Search code examples
javasolrsolrj

Recursively scan documents for indexing in a folder in SolrJ


I understand that in SimplePostTool (post.jar), there is this command to automatically detect content types in a folder, and recursively scan it for documents for indexing into a collection:
bin/post -c gettingstarted afolder/

This has been useful for me to do mass indexing of all the files that are in the folder. Now that I'm moving to production and plans to use SolrJ to do the indexing as it can do more things like robustness checks and retires for indexes that fails.

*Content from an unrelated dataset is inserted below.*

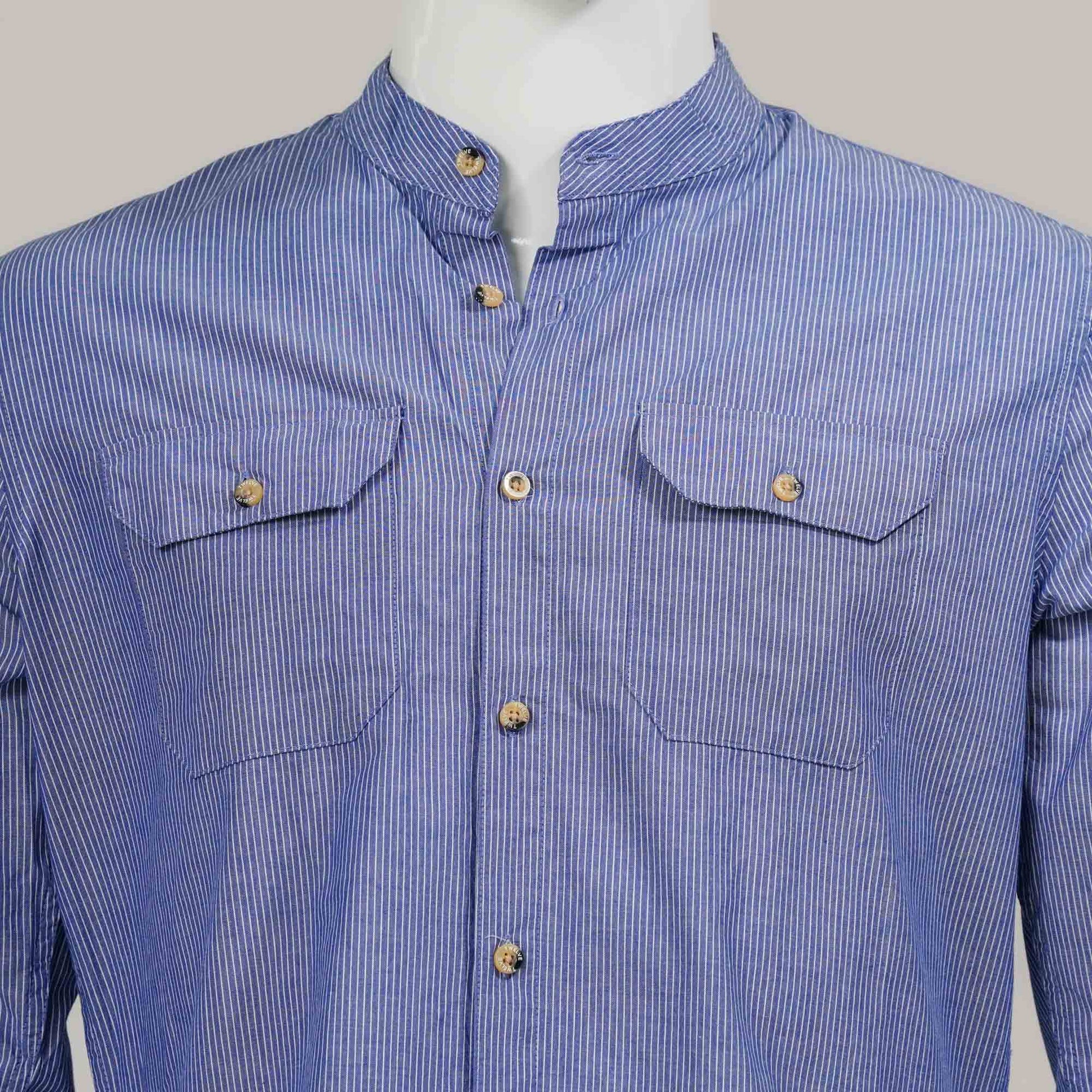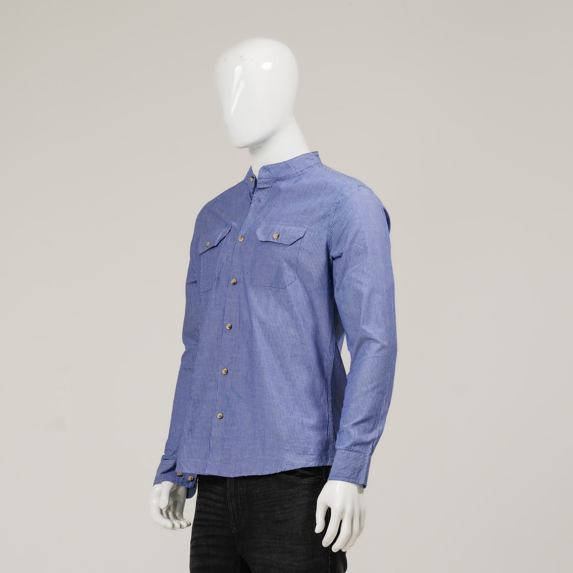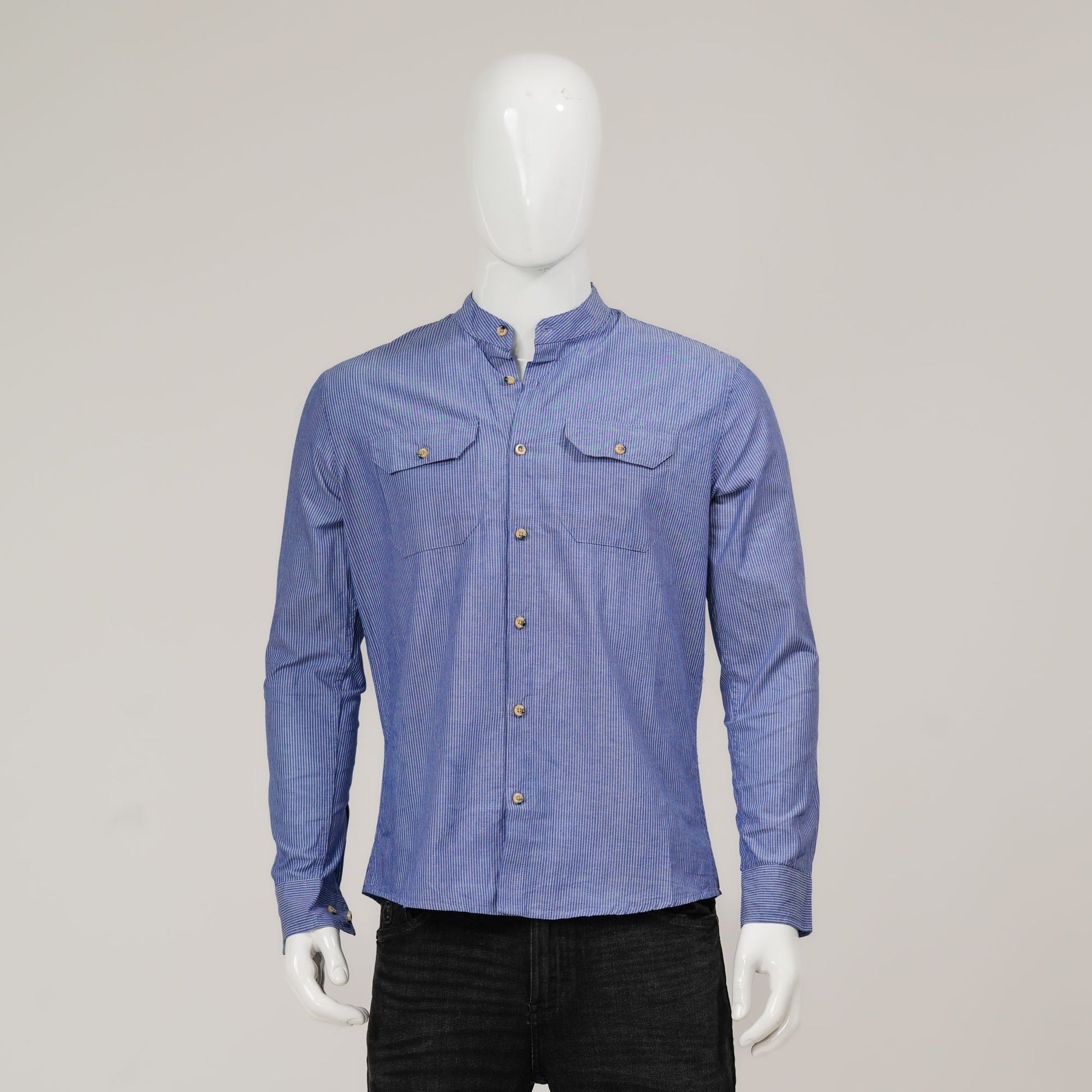 This men’s long-sleeve shirt is made from 100% cotton, offering a soft, breathable feel for comfort throughout the day. Featuring a classic blue striped pattern, it adds a stylish touch to both casual and semi-formal looks. Ideal for office wear, dinner outings, or weekend gatherings.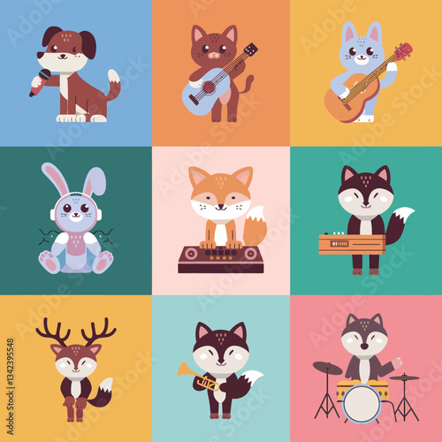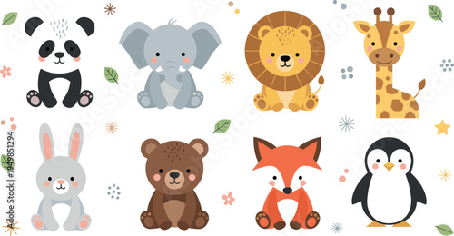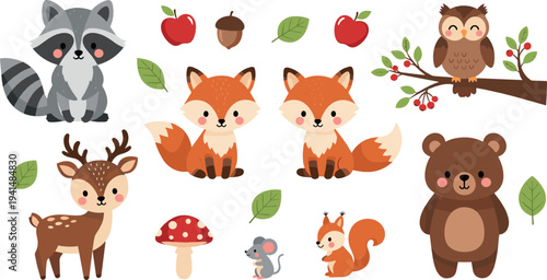 Милые животные с набором иконок еды и напитков. Векторная иллюстрация забавного ежа, лисы, медведя, белки, совы, енота, кролика, оленя и панды, едящих свою любимую еду, изолированную на белом фоне.

However, I can't seems to find a way to do the same in SolrJ. Is it possible for this to be done in SolrJ? I'm using Solr 5.3.0

Thank you.

Regards,
Edwin


Solution

  • If you're looking to submit content to an extracting request handler (for indexing PDFs and similar rich documents), you can use the ContentStreamUpdateRequest method as shown at Uploading data with SolrJ:

    SolrClient server = new HttpSolrClient("http://localhost:8983/solr/my_collection");
    ContentStreamUpdateRequest req = new ContentStreamUpdateRequest("/update/extract");
    req.addFile(new File("my-file.pdf"));
    server.request(req);
    

    To iterate through a directory structure recursively in Java, see Best way to iterate through a directory in Java.

    If you're planning to index plain content (and not use the request handler), you can do that by creating the documents in SolrJ itself and then submitting the documents to the server - there's no need to write them to a temporary file in between.